- _Prompt_: Only the lines below, from the one with "10년 전에는 삼성도" through the one with "stained glass depicting", are to be written out, exactly.

- _Source material_:
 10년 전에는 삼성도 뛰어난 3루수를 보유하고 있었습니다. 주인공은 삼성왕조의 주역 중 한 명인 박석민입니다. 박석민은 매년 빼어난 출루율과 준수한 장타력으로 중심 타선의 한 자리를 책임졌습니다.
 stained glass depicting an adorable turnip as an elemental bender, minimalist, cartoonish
--
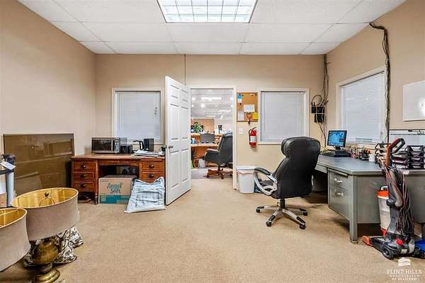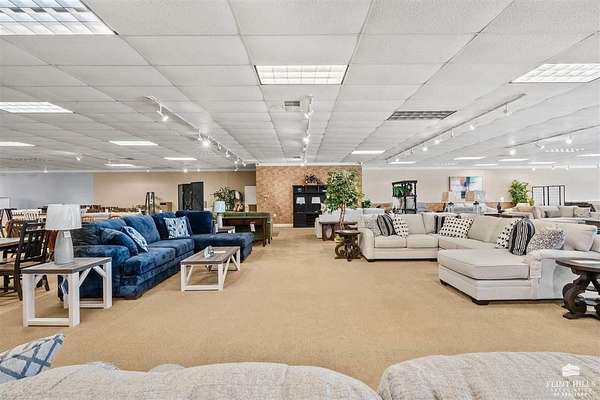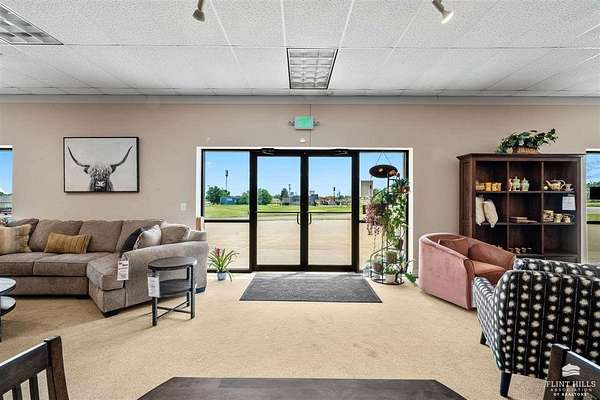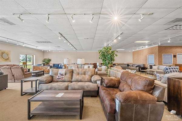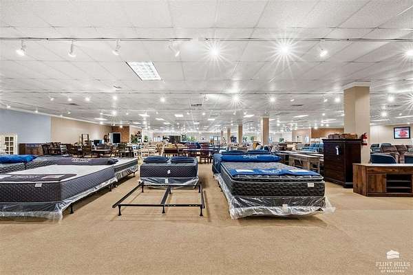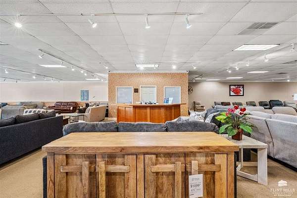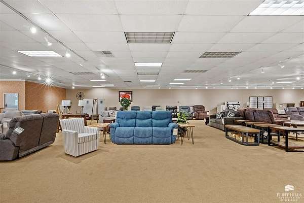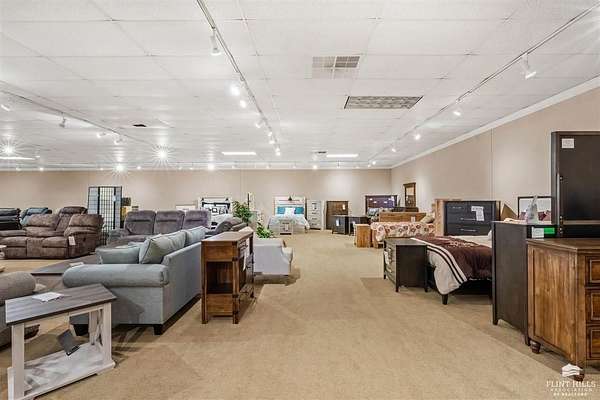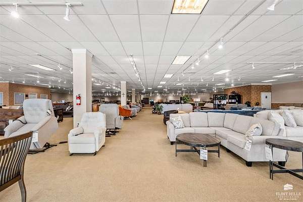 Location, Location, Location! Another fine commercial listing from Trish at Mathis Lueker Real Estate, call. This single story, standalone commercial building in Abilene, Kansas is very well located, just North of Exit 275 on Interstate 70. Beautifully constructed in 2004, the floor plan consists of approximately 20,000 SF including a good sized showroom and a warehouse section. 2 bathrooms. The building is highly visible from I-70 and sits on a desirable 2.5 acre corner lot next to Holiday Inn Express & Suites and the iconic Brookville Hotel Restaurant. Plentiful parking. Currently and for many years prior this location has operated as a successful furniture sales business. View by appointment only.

- _Response to the task_:
 10년 전에는 삼성도 뛰어난 3루수를 보유하고 있었습니다. 주인공은 삼성왕조의 주역 중 한 명인 박석민입니다. 박석민은 매년 빼어난 출루율과 준수한 장타력으로 중심 타선의 한 자리를 책임졌습니다.
 stained glass depicting an adorable turnip as an elemental bender, minimalist, cartoonish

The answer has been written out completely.